▸ **THE TASK**
A verbatim reproduction of the lines below, from the line containing "ホワイトとブラックを中心とし" through the line containing "5千人 共同点火 在开幕式上被点燃的主火炬。 新华社发", both ends included, is the whole required output.

▸ **GIVEN RECORDS**
·····

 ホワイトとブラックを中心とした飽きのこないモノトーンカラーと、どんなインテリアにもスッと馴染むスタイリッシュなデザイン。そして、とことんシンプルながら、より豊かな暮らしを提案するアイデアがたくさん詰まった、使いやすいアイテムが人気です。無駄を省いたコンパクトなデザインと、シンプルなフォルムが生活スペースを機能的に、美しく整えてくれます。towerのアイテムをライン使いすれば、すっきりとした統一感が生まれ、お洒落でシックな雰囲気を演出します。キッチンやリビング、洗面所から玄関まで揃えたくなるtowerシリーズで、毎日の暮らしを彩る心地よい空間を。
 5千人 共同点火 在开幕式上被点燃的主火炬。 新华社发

·····

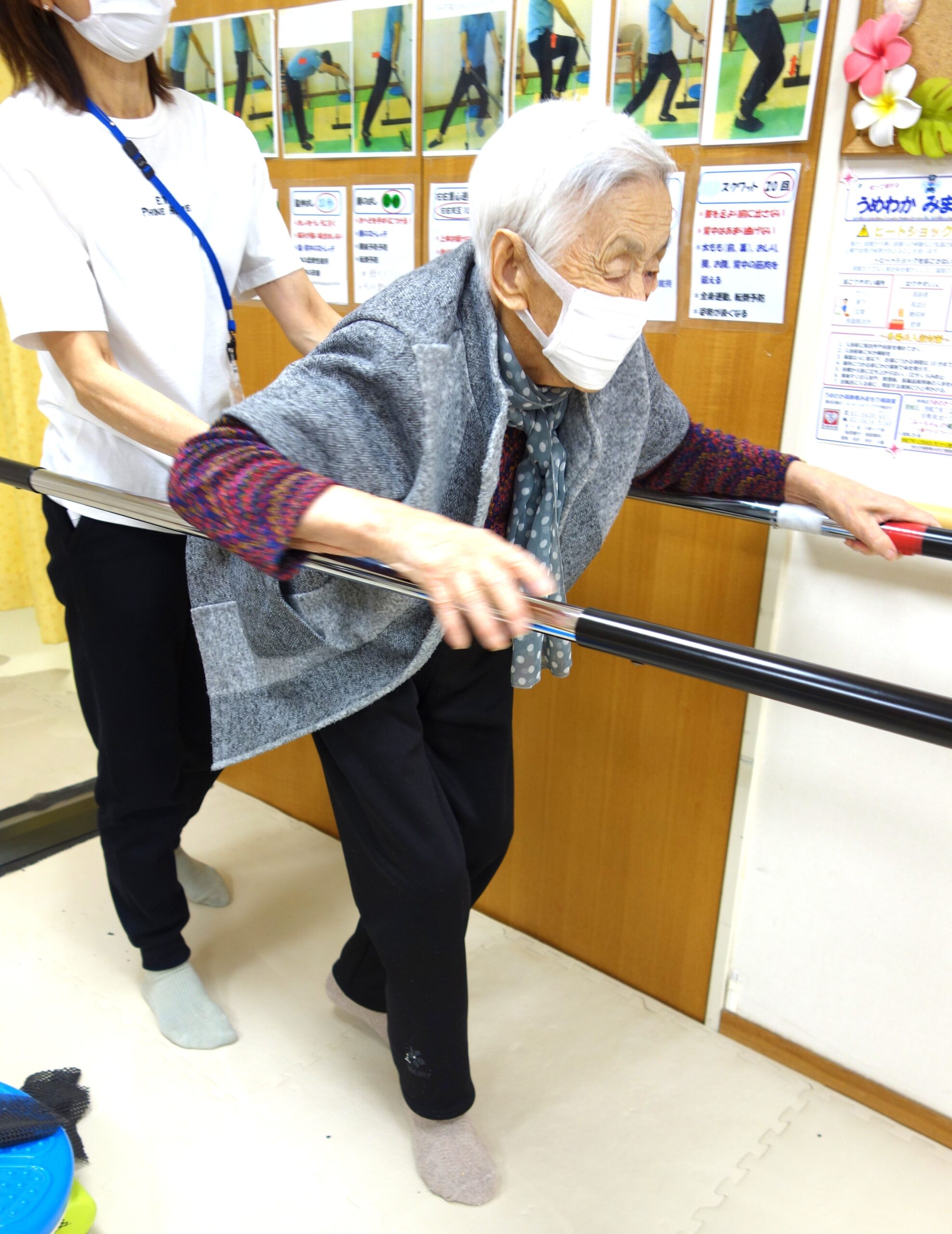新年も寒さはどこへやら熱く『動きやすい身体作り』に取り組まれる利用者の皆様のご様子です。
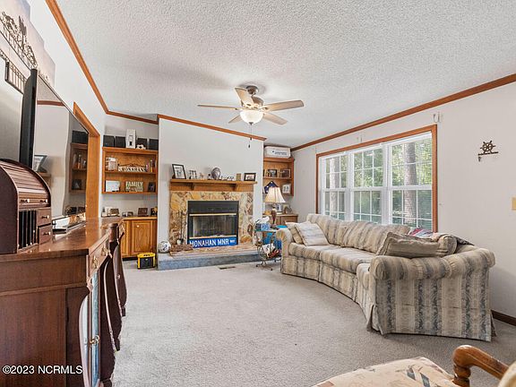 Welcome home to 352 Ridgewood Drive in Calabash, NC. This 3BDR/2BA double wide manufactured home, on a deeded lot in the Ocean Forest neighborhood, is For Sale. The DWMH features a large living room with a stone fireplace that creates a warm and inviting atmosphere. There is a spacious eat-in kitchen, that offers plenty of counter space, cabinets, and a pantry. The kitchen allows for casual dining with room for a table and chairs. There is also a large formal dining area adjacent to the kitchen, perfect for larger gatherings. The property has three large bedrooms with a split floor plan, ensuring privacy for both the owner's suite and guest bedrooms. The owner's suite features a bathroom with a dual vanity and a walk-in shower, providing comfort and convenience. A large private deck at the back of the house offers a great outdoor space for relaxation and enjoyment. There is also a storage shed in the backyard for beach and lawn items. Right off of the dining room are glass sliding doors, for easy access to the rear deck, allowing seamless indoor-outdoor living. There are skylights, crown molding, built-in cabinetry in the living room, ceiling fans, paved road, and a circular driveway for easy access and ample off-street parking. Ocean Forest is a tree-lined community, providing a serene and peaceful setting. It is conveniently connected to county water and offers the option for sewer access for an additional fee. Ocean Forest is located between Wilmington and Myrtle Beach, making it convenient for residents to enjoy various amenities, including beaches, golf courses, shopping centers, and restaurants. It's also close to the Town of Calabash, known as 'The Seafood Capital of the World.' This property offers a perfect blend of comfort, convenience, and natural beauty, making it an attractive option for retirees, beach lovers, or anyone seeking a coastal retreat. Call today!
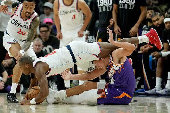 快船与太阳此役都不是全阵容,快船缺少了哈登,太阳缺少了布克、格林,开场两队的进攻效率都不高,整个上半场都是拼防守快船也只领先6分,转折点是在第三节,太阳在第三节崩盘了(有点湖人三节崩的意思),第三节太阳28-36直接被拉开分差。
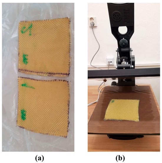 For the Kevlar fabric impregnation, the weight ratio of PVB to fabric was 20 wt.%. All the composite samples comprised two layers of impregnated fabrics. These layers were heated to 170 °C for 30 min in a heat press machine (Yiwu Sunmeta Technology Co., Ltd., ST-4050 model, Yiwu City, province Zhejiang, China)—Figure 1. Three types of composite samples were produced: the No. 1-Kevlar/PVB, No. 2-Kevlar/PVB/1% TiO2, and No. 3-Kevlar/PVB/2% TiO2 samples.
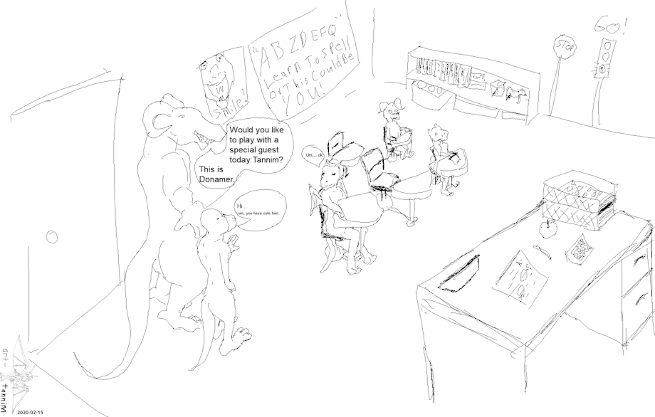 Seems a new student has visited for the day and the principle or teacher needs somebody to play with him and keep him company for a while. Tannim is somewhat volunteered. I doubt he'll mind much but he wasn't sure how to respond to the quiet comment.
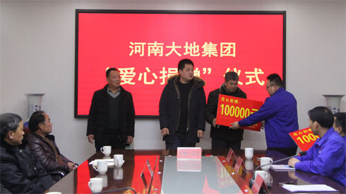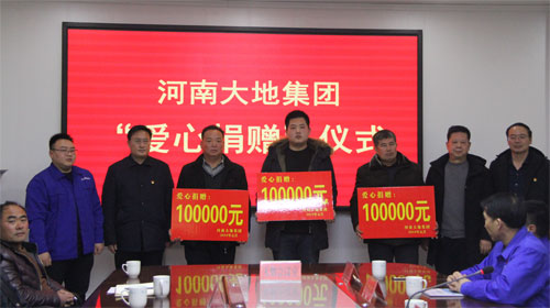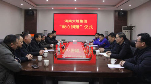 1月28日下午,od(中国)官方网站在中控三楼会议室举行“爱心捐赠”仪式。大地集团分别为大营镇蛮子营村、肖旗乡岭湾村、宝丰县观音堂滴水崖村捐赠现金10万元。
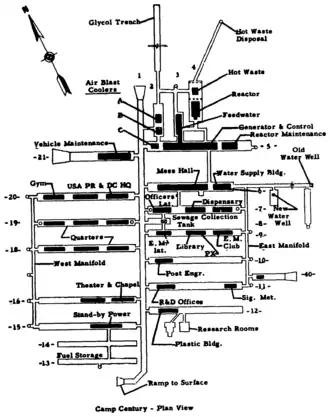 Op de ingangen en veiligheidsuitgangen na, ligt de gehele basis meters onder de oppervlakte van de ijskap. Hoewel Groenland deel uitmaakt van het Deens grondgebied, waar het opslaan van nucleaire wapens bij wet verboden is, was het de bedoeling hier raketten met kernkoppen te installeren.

·····

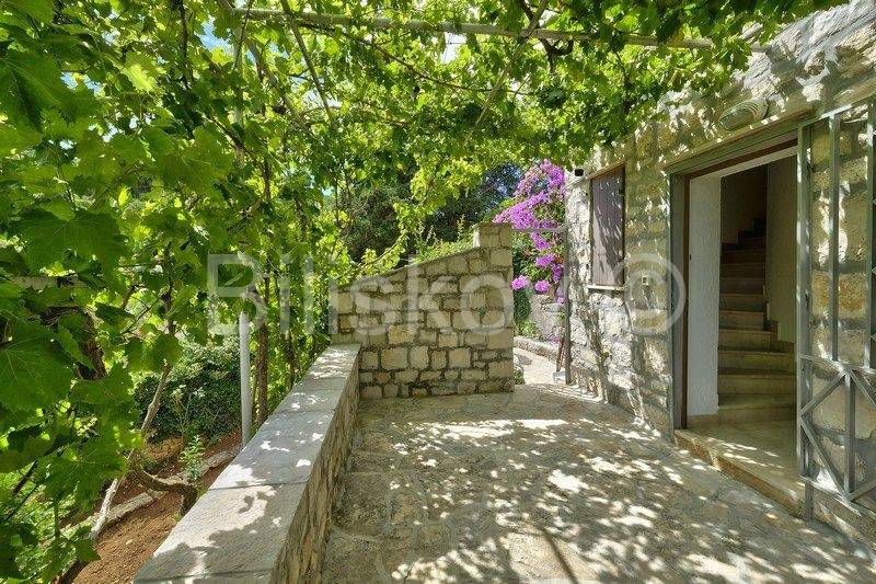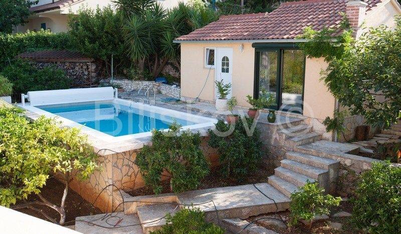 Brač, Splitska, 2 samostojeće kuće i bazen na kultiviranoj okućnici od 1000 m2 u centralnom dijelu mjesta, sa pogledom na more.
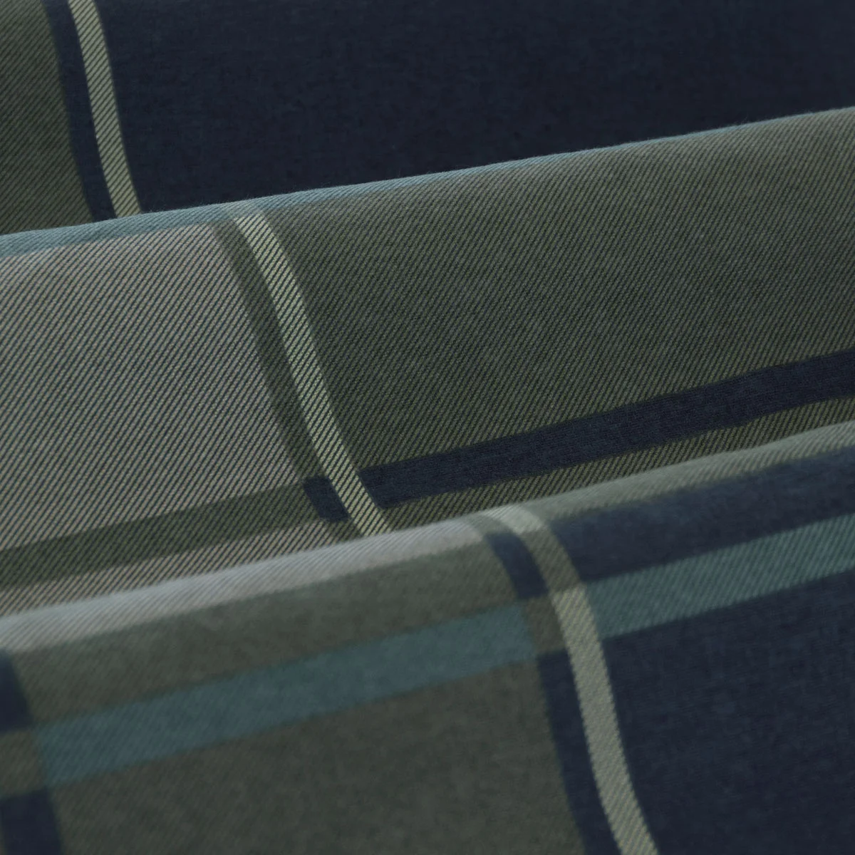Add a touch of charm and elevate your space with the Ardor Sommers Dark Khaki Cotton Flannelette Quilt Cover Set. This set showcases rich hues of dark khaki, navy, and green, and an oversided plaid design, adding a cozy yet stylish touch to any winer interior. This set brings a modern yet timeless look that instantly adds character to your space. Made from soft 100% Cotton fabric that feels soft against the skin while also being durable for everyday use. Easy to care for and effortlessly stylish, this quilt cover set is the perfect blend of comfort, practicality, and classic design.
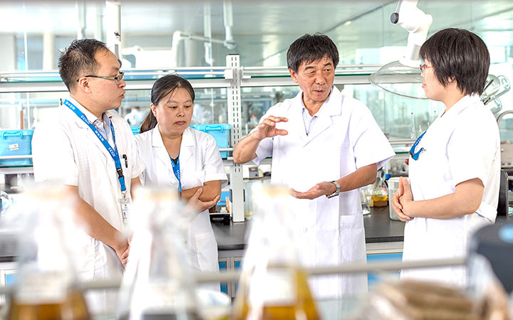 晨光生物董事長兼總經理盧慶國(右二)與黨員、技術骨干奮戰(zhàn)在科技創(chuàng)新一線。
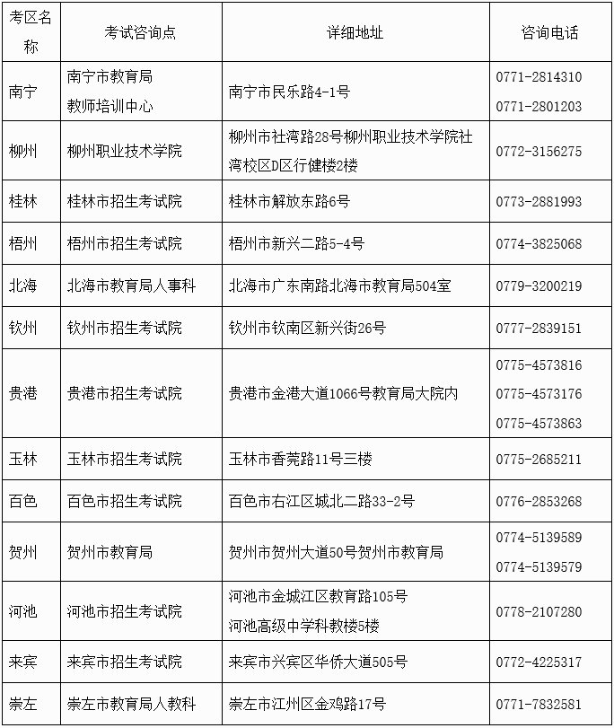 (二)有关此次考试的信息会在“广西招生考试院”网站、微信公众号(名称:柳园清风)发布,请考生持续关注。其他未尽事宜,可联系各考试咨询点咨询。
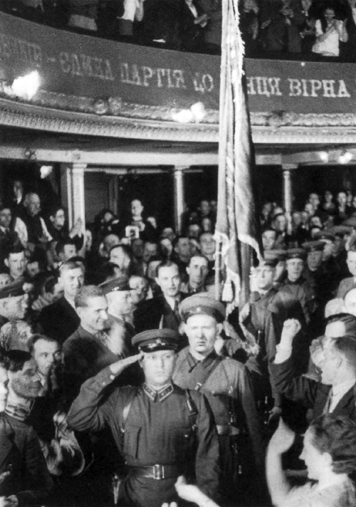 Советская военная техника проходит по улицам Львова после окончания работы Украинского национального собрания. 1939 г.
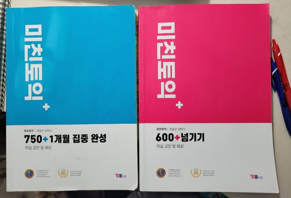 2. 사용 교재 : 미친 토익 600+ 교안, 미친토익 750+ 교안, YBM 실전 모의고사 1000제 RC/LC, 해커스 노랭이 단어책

·····

▸ **EXPECTED OUTPUT**
 ホワイトとブラックを中心とした飽きのこないモノトーンカラーと、どんなインテリアにもスッと馴染むスタイリッシュなデザイン。そして、とことんシンプルながら、より豊かな暮らしを提案するアイデアがたくさん詰まった、使いやすいアイテムが人気です。無駄を省いたコンパクトなデザインと、シンプルなフォルムが生活スペースを機能的に、美しく整えてくれます。towerのアイテムをライン使いすれば、すっきりとした統一感が生まれ、お洒落でシックな雰囲気を演出します。キッチンやリビング、洗面所から玄関まで揃えたくなるtowerシリーズで、毎日の暮らしを彩る心地よい空間を。
 5千人 共同点火 在开幕式上被点燃的主火炬。 新华社发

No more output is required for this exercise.